WHAT TO PRODUCE
Reproduce the data exactly as given, except for any images.

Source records
* * *
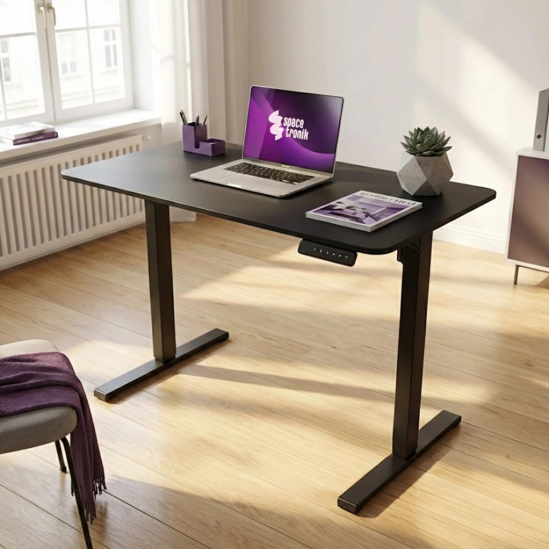 Masz ograniczoną przestrzeń, ale nie chcesz rezygnować z ergonomii? Biurko elektryczne SPEO125BB z blatem 100x60 cm powstało z myślą o kompaktowych domowych biurach i stanowiskach pracy w małych pokojach. Dzięki elektrycznej regulacji wysokości w zakresie 75–110 cm łatwo przełączysz się z pozycji siedzącej na stojącą, odciążając kręgosłup i zyskując więcej energii w ciągu dnia. Jednolita, czarna konstrukcja blatu i stelaża nadaje wnętrzu profesjonalny, nowoczesny charakter.
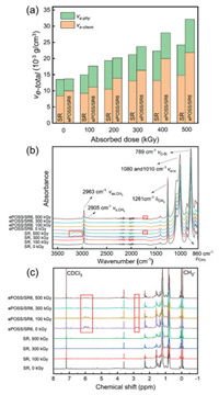 | Fig. 2. In the air, the ve of SR and ePOSS/SR6 nanocomposites at different absorbed doses (a); ATR-FTIR spectra of SR and ePOSS/SR6 nanocomposites with different absorbed doses (b) and 1H NMR spectra of soluble substance from SR to ePOSS/SR6 nanocomposites dissolved in CDCl3 before and after irradiation (c). | |
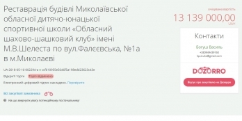 Согласно данным ресурса, КП «Дирекция по капитальному строительству и реконструкции» 16 мая обяъвило торги по реставрации здания Николаевской областной детско-юношеской спортивной школы «Областной шахматно-шашечный клуб» имени Николая Шелеста по улице Фалеевской, 1, с ожидаемой стоимостью 13 миллионов 139 тысяч гривен.
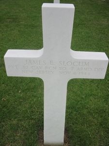 Pvt James E. Slocum attended Manasquan High School and was employed at the officer's club at Fort Monmouth.He enlisted at Fort Monmouth in March 1942 and served with the Signal Corps there until July 1944 when he was sent overseas.
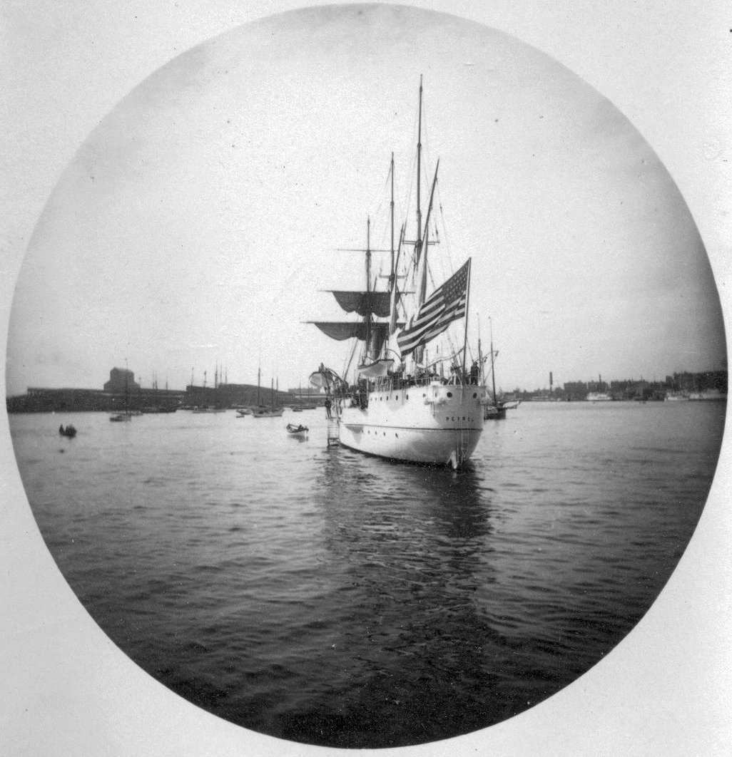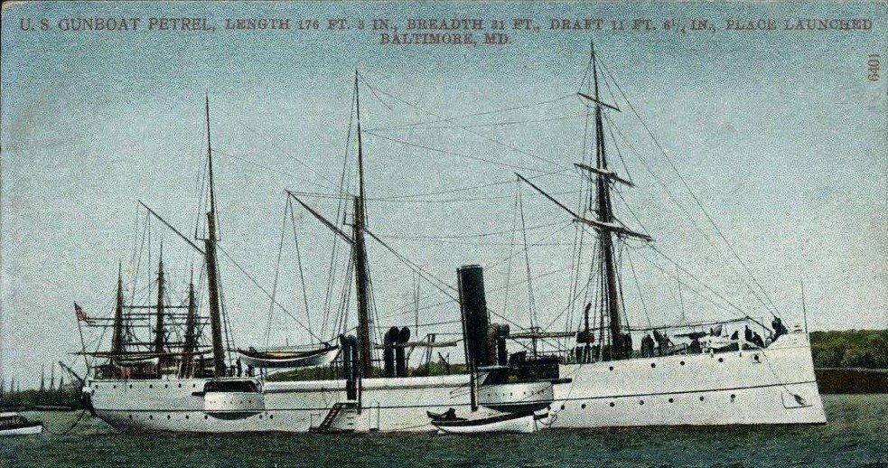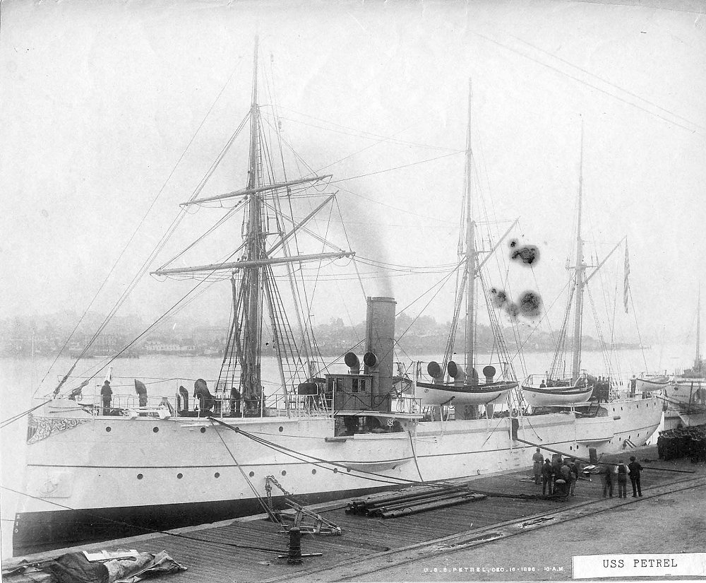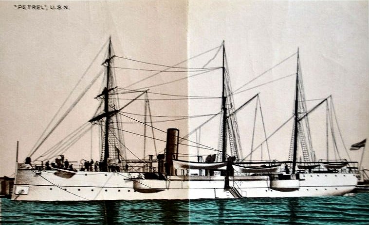 Original photo: "Life and Heroic Deeds of Admiral Dewey: Including Battles of the Philippines" Globe Bible Publishing Co., Philadelphia 1899 Replacement photo: Photo from The American Navy; Belford, Middlebrook and Co., Chicago - 1898 Second replacement photo: Port side view of USS Petrel (Gunboat No. 2) at anchor, circa 1891 Department of the Navy photo. Bureau of Construction and Repair National Archives photo |
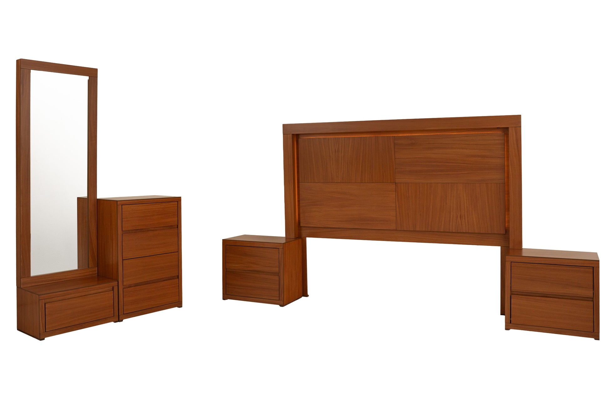 Descubre la fusión perfecta entre elegancia y diseño con este set de recámara completa, que incluye: una cabecera con luz integrada, ideal para un colchón tamaño king; dos burós, cuyo diseño versátil y almacenamiento eficiente mantienen la armonía y el orden; una cómoda y espejo que también funciona como vanity o tocador, proporcionando el espacio perfecto para maquillarse, arreglarse o simplemente prepararse para el día. Su diseño elegante y funcional aporta estilo y sofisticación al ambiente. Todos los productos fueron fabricados con materiales duraderos y un diseño atemporal. Se entregan completamente armados para un uso inmediato. Un conjunto perfecto para transformar tu dormitorio en un refugio con estilo y confort. No incluye base para cama ni colchón.
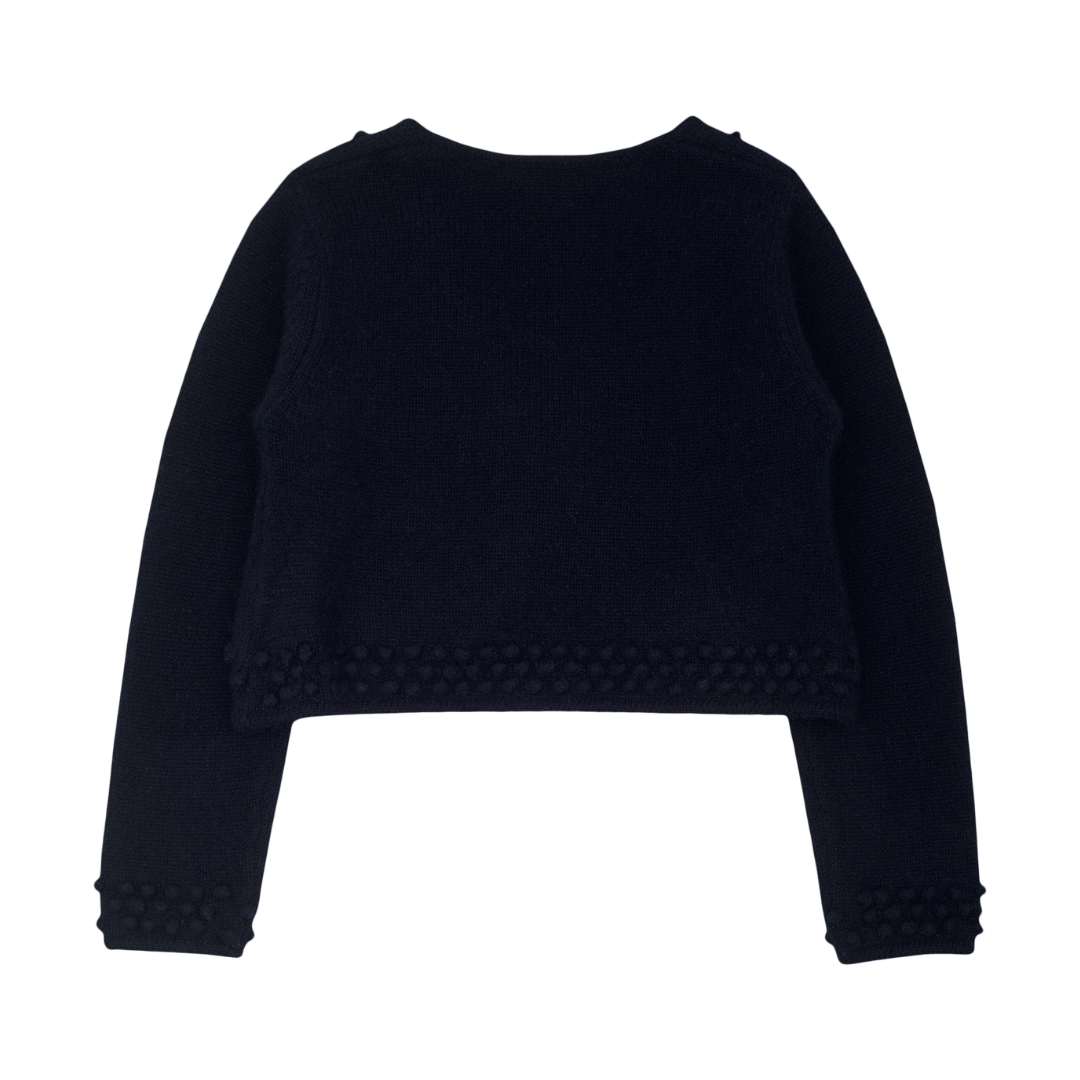 A shrug made from 100% cashmere featuring cute bobble embroidery. Long straight sleeves, an open front, one button fastening and thick hem complete this design. Wear over a party dress or blouse.
* * *
RESULT OF THIS EXERCISE
 Masz ograniczoną przestrzeń, ale nie chcesz rezygnować z ergonomii? Biurko elektryczne SPEO125BB z blatem 100x60 cm powstało z myślą o kompaktowych domowych biurach i stanowiskach pracy w małych pokojach. Dzięki elektrycznej regulacji wysokości w zakresie 75–110 cm łatwo przełączysz się z pozycji siedzącej na stojącą, odciążając kręgosłup i zyskując więcej energii w ciągu dnia. Jednolita, czarna konstrukcja blatu i stelaża nadaje wnętrzu profesjonalny, nowoczesny charakter.
 | Fig. 2. In the air, the ve of SR and ePOSS/SR6 nanocomposites at different absorbed doses (a); ATR-FTIR spectra of SR and ePOSS/SR6 nanocomposites with different absorbed doses (b) and 1H NMR spectra of soluble substance from SR to ePOSS/SR6 nanocomposites dissolved in CDCl3 before and after irradiation (c). | |
 Согласно данным ресурса, КП «Дирекция по капитальному строительству и реконструкции» 16 мая обяъвило торги по реставрации здания Николаевской областной детско-юношеской спортивной школы «Областной шахматно-шашечный клуб» имени Николая Шелеста по улице Фалеевской, 1, с ожидаемой стоимостью 13 миллионов 139 тысяч гривен.
 Pvt James E. Slocum attended Manasquan High School and was employed at the officer's club at Fort Monmouth.He enlisted at Fort Monmouth in March 1942 and served with the Signal Corps there until July 1944 when he was sent overseas.
 Original photo: "Life and Heroic Deeds of Admiral Dewey: Including Battles of the Philippines" Globe Bible Publishing Co., Philadelphia 1899 Replacement photo: Photo from The American Navy; Belford, Middlebrook and Co., Chicago - 1898 Second replacement photo: Port side view of USS Petrel (Gunboat No. 2) at anchor, circa 1891 Department of the Navy photo. Bureau of Construction and Repair National Archives photo |
 Descubre la fusión perfecta entre elegancia y diseño con este set de recámara completa, que incluye: una cabecera con luz integrada, ideal para un colchón tamaño king; dos burós, cuyo diseño versátil y almacenamiento eficiente mantienen la armonía y el orden; una cómoda y espejo que también funciona como vanity o tocador, proporcionando el espacio perfecto para maquillarse, arreglarse o simplemente prepararse para el día. Su diseño elegante y funcional aporta estilo y sofisticación al ambiente. Todos los productos fueron fabricados con materiales duraderos y un diseño atemporal. Se entregan completamente armados para un uso inmediato. Un conjunto perfecto para transformar tu dormitorio en un refugio con estilo y confort. No incluye base para cama ni colchón.
 A shrug made from 100% cashmere featuring cute bobble embroidery. Long straight sleeves, an open front, one button fastening and thick hem complete this design. Wear over a party dress or blouse.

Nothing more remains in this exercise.